We're sort of straying from time-nuts here, although at least one cube sat I
am aware of (being built by Stanford and JPL) is obsessing about close in
phase noise. They're demonstrating a new design for a low power, small,
lightweight radio science transponder. Receives a signal at around 7.1 GHz
and coherently synthesizes a transmitted signal at around 8.4 GHz.
Comparing the phase of the signal from the ground with the received signal
lets you do very (very) precise measurements of the light time to and from
the spacecraft. (This is how we know the velocity of a spacecraft at Saturn
to a few mm/s, which lets you figure out things like the internal structure
of a planetary body, by looking at the gravity field.  It also can be used
for things like occultations to look at the atmosphere(s) and to study rf
propagation in interplanetary space.)

But, returning to your questions..
Is there stuff interesting to measure?  Sure. A few years back, I worked on
a project that measured the 3D current flow in the aurora, using small
probes ejected from a sounding rocket over Alaska.  There's all manner of
interesting stuff to do.

Is there a command link? Sometimes yes, sometimes no. Depends on the
spacecraft and whether you want to burn the mass and power for a receiver.
Sputnik had no uplink.  I keep threatening my friends to put up Jim-Sat,
that radiates an inspirational message along the lines of "Jim Lux is a cool
dude" until it dies.  A more time-nuts-y idea might be to fly a bunch of
oscillators in different orientations with close frequencies (so you don't
have much bandwidth requirement) and look at the relative changes. Maybe
those real inexpensive SiTime MEMS resonators.  It would just be a beacon,
and you'd record data until it died.

This is an example of a "flight validation" experiment. Maybe you have a
kind of technology or a component design that has never flown in space, and
by doing an inexpensive experiment like this, you can achieve the holy grail
of (Technology Readiness Level) TRL 7, opening the door to using that
technology on a future spacecraft, with a perception of reduced risk. (Mind
you, you will have to fight the "well a $50k launch and 3 weeks isn't real
space flight, like sending it to Mars" thing..)

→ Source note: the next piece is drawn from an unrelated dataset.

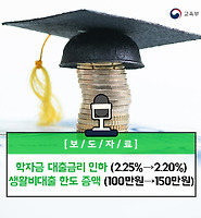 | 2018학년도 1학기 학자금 대출금리 2.25%→2.20%로 인하! 일반상환학자금 생활비대출 한도 100만원→150만원으로 증액! (0) | 2018.01.04 |
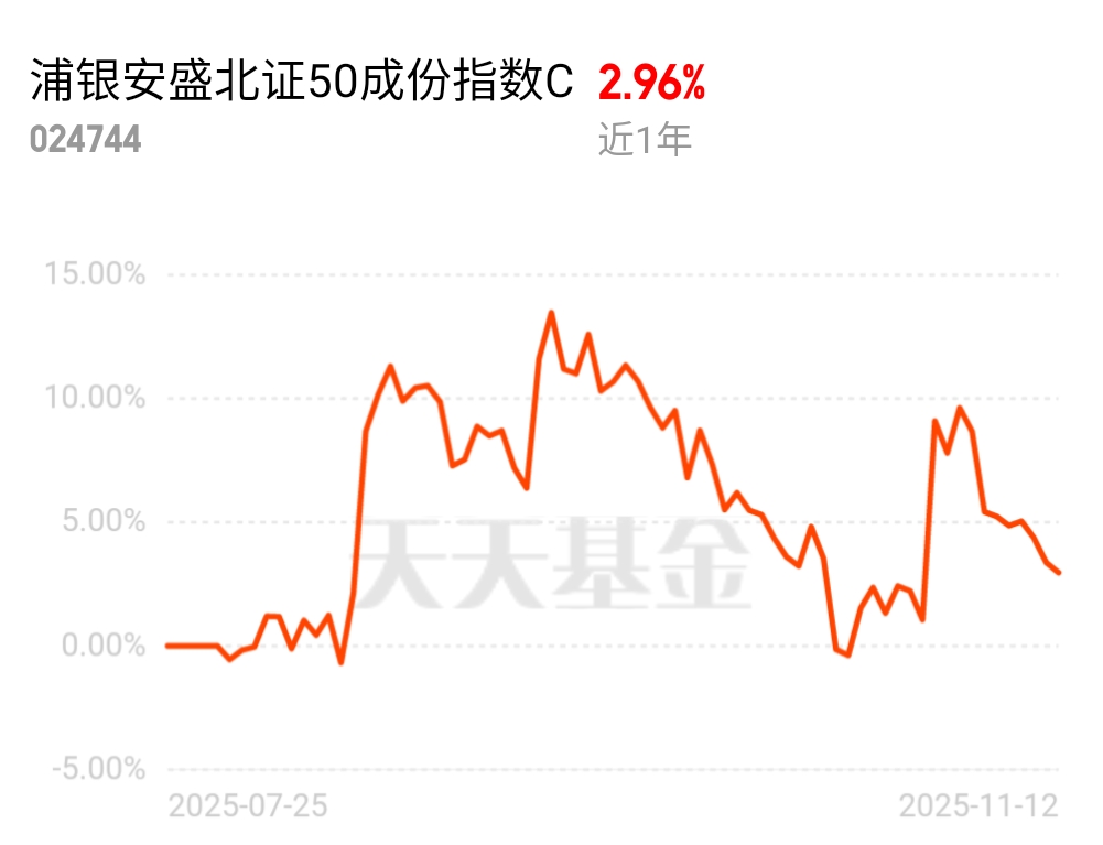 北证50迎资金催化,浦银安盛北证50可以30cm高弹性,该基金跟踪准、跌得少,成立来跑赢指数,还不限额$浦银安盛北证50成份指数C$

But even if there's not "new science" from such a class project, there is
the practical experience of having had to actually do the development and
build the spacecraft. You'll have to put it on the shaker table and have it
fall apart. You'll have to run through thermal vacuum testing and discover
that those parts get too hot or too cold, and what worked fine on the bench
stops working when one side is at +60 and the other at -30. To put it in the
horrible commercial terms that universities now seem to use, it increases
the future revenue potential of the student, raising the ROI on their
investment in education.  (*I* think you should get an education because
it's interesting.  It's an inefficient way to make money and a poor
investment in financial terms, but leads to other philosophical problems.)
But realistically, I'd much rather hire someone who's done this kind of
project than someone who has just fooled with some eval boards in lab.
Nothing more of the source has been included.